[PROVIDED MATERIAL]
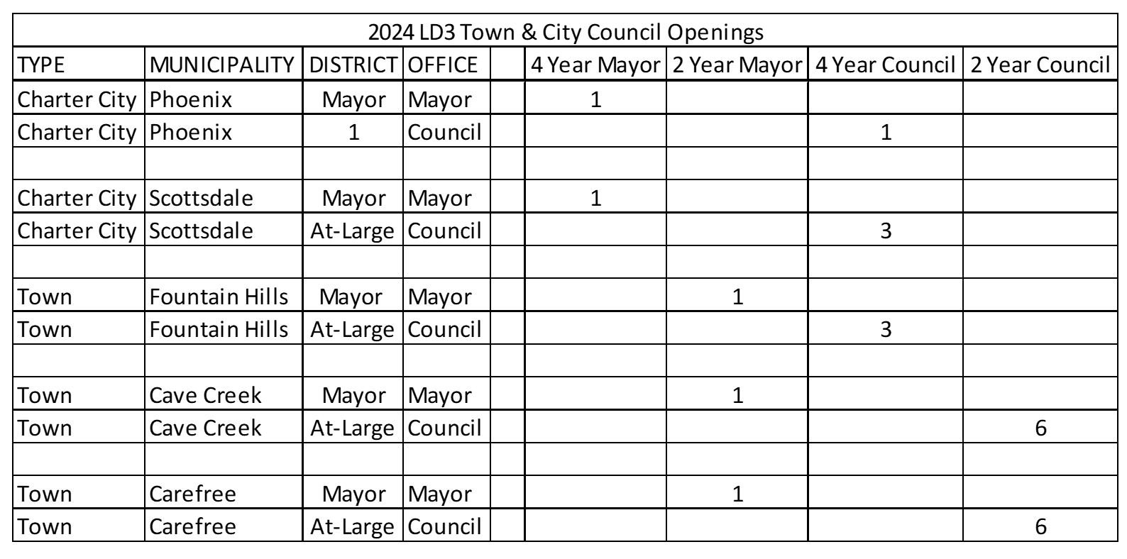 Downballot contests are basically every race except the one at the very top. In 2024, we are expecting considerable activity around Town and City Councils. There are 95 seats open across Maricopa County.
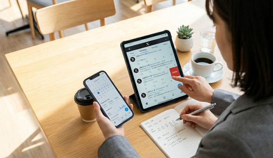 ここで投稿を全部消したくなる人もいますが、一括大量削除はおすすめしません。Xは大量削除や大量削除プログラムの利用について注意を出しており、古い投稿はインデックス制約で表示されないこともあるため、削除行為そのものが状況を分かりにくくします。削除するなら、明らかな重複・違反可能性の高い投稿だけに絞るほうが安全です。
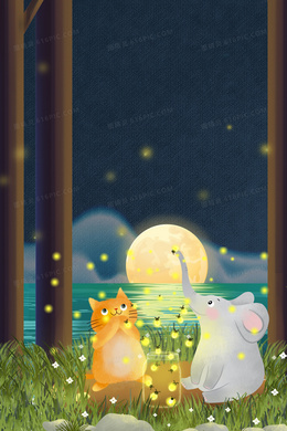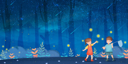 夏季萤火虫仲夏夜卡通可爱背景
[/PROVIDED MATERIAL]
> EXERCISE: Top to bottom, retype the listing exactly but drop every picture.

> OUTPUT OF THE TASK:
 Downballot contests are basically every race except the one at the very top. In 2024, we are expecting considerable activity around Town and City Councils. There are 95 seats open across Maricopa County.
 ここで投稿を全部消したくなる人もいますが、一括大量削除はおすすめしません。Xは大量削除や大量削除プログラムの利用について注意を出しており、古い投稿はインデックス制約で表示されないこともあるため、削除行為そのものが状況を分かりにくくします。削除するなら、明らかな重複・違反可能性の高い投稿だけに絞るほうが安全です。
 夏季萤火虫仲夏夜卡通可爱背景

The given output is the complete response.